> **TASK DETAILS**
Leave out the pictures and repeat exactly the lines from the one containing "据了解,《辉煌的中国》主题展" through the final line of the listing below.

======

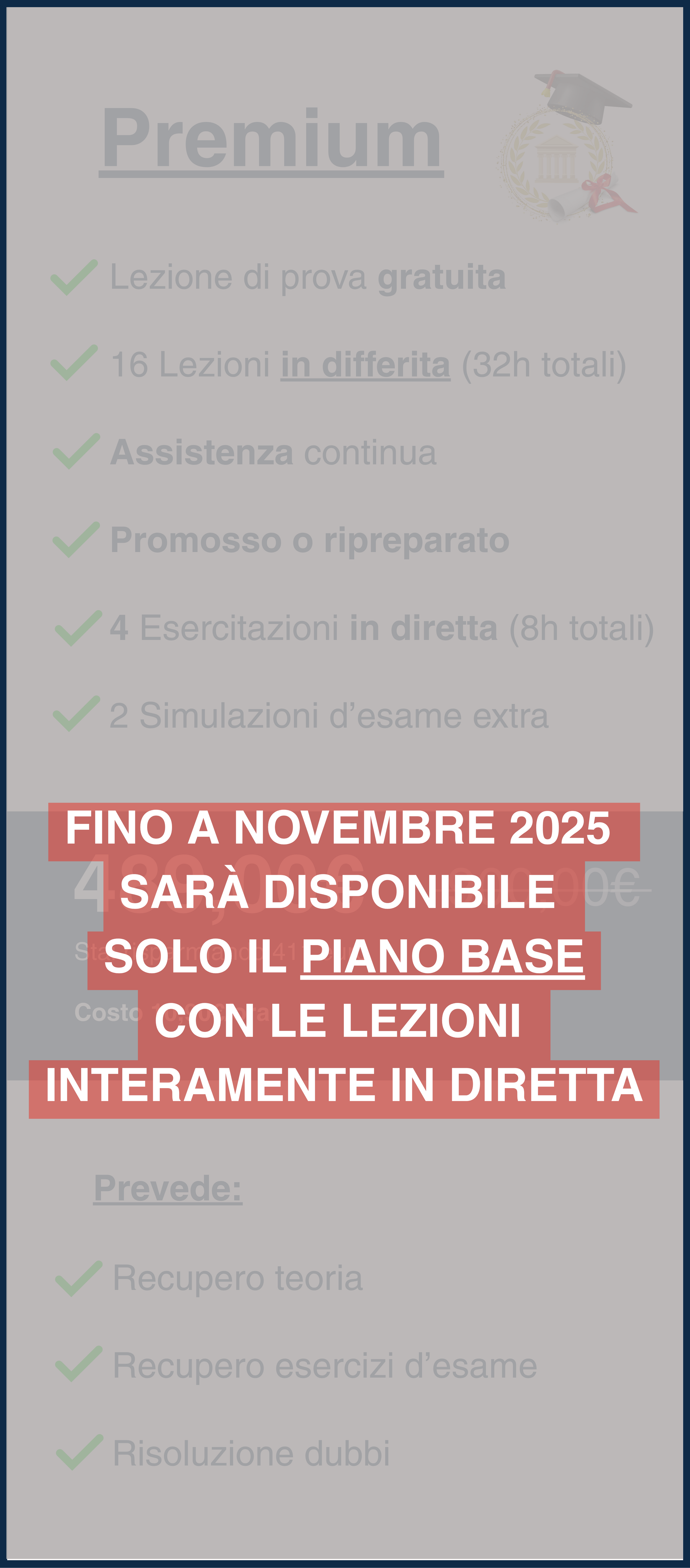 Se non superi l’esame al primo tentativo, niente panico: avrai accesso alle videoregistrazioni del corso per un anno intero.Con il piano Base le lezioni in diretta vengono registrate e caricate sulla nostra comunità didattica, dove restano disponibili per 6 mesi.
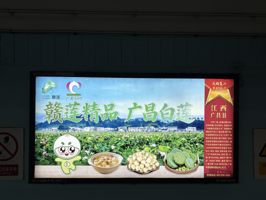 据了解,《辉煌的中国》主题展旨在通过人文历史、生态环境、乡村振兴等多维度,集中展示全国各地的发展成就;“赣莲精品广昌白莲”品牌宣传展位,位于北京地铁1号线天安门东站轨道层6车厢2门,该站点是通往天安门广场、人民大会堂、国家博物馆、故宫等国家标志性场所的必经之站,客流量大、关注度高,此次宣传海报展期1年,从本月开始持续至2027年1月上旬,通过现场设置一块长3米、宽1.5米的灯箱海报,全年全天候静态画面展示“赣莲精品广昌白莲”品牌形象,可实现更快速度、更大范围、更多人次的宣传效应,进一步做强广昌白莲区域公用品牌、打造“赣莲”品牌。 (徐维栋)
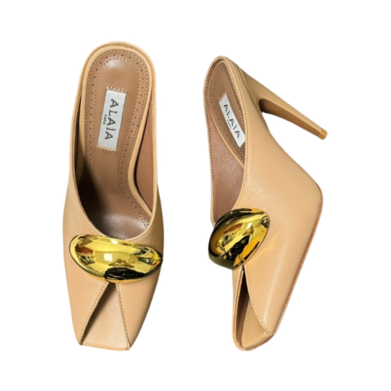 【ALAIA】Metallic Buckle Mules | 4.1-Inch Heel | Breathable Lambskin & Durable Grip
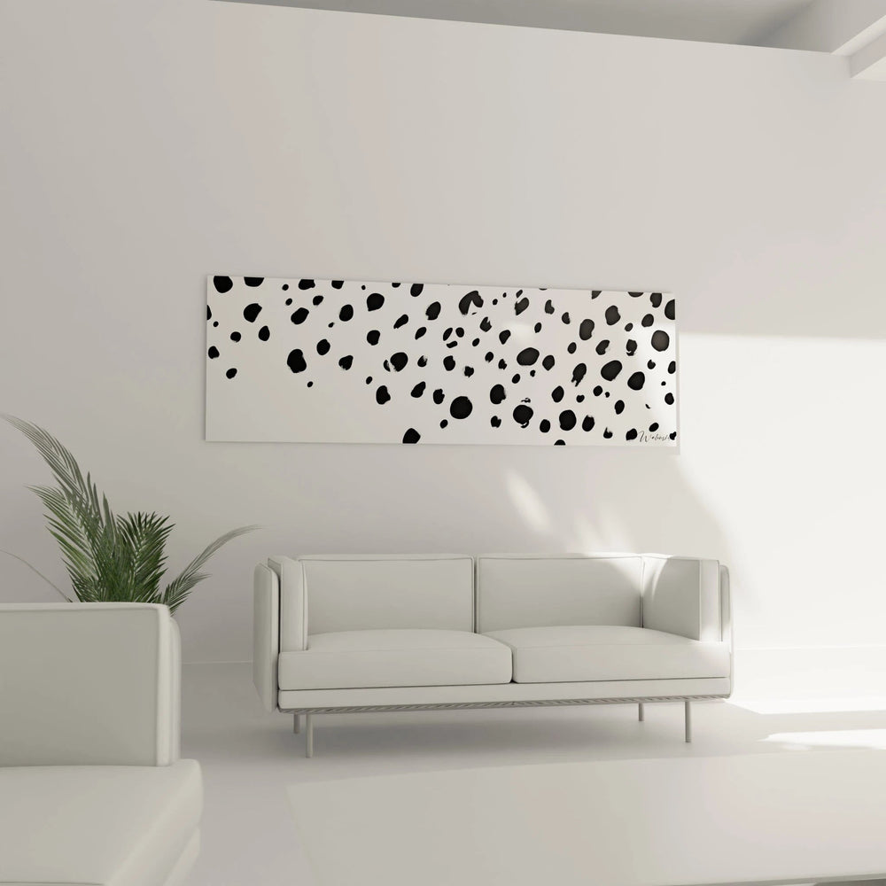La palette chromatique de ce tableau taches minimaliste repose sur le contraste absolu entre le noir profond et le blanc pur. Cette dualité chromatique crée un impact visuel saisissant qui transcende la simplicité apparente. Les tons noirs varient subtilement en intensité, certaines taches présentant des nuances plus sombres que d'autres.
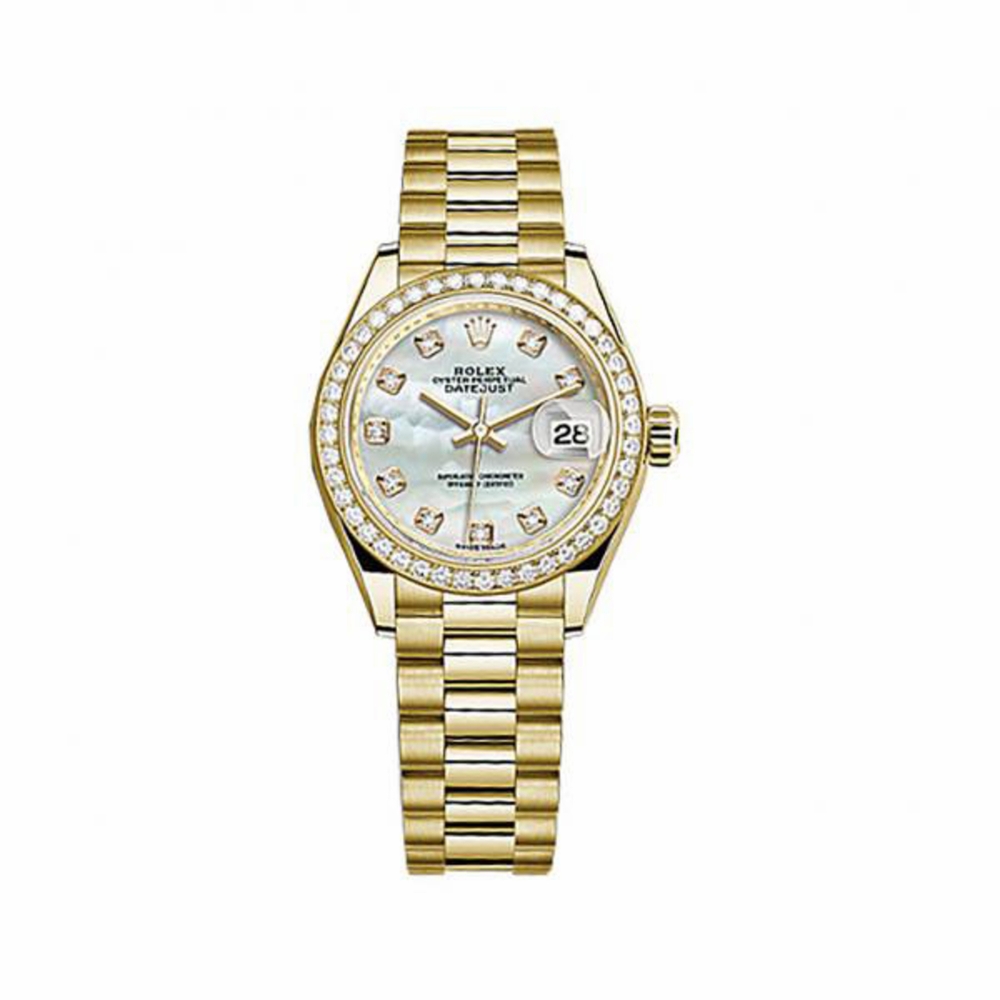 18 carat yellow gold case with a 18 carat yellow gold president bracelet. Fixed-diamond set bezel. Mother of pearl dial with gold-tone hands and diamond hour markers. Dial Type: Analog. Date display at the 3 o'clock position. Rolex Calibre 2236 automatic movement with about 55 hours of power reserve. Scratch resistant sapphire crystal. Screw down crown. Solid case back. Case size: 28 mm. Round case shape. Water resistant at 100 meters / 330 feet. Functions: date, hour, minute, second. Luxury watch style. Watch label: Swiss Made. Rolex Lady-Datejust Mother Of Pearl Dial Automatic 18 Carat Yellow Gold Watch 279138MDP.

======

> **OUTPUT OF THE EXERCISE**
 据了解,《辉煌的中国》主题展旨在通过人文历史、生态环境、乡村振兴等多维度,集中展示全国各地的发展成就;“赣莲精品广昌白莲”品牌宣传展位,位于北京地铁1号线天安门东站轨道层6车厢2门,该站点是通往天安门广场、人民大会堂、国家博物馆、故宫等国家标志性场所的必经之站,客流量大、关注度高,此次宣传海报展期1年,从本月开始持续至2027年1月上旬,通过现场设置一块长3米、宽1.5米的灯箱海报,全年全天候静态画面展示“赣莲精品广昌白莲”品牌形象,可实现更快速度、更大范围、更多人次的宣传效应,进一步做强广昌白莲区域公用品牌、打造“赣莲”品牌。 (徐维栋)
 【ALAIA】Metallic Buckle Mules | 4.1-Inch Heel | Breathable Lambskin & Durable Grip
La palette chromatique de ce tableau taches minimaliste repose sur le contraste absolu entre le noir profond et le blanc pur. Cette dualité chromatique crée un impact visuel saisissant qui transcende la simplicité apparente. Les tons noirs varient subtilement en intensité, certaines taches présentant des nuances plus sombres que d'autres.
 18 carat yellow gold case with a 18 carat yellow gold president bracelet. Fixed-diamond set bezel. Mother of pearl dial with gold-tone hands and diamond hour markers. Dial Type: Analog. Date display at the 3 o'clock position. Rolex Calibre 2236 automatic movement with about 55 hours of power reserve. Scratch resistant sapphire crystal. Screw down crown. Solid case back. Case size: 28 mm. Round case shape. Water resistant at 100 meters / 330 feet. Functions: date, hour, minute, second. Luxury watch style. Watch label: Swiss Made. Rolex Lady-Datejust Mother Of Pearl Dial Automatic 18 Carat Yellow Gold Watch 279138MDP.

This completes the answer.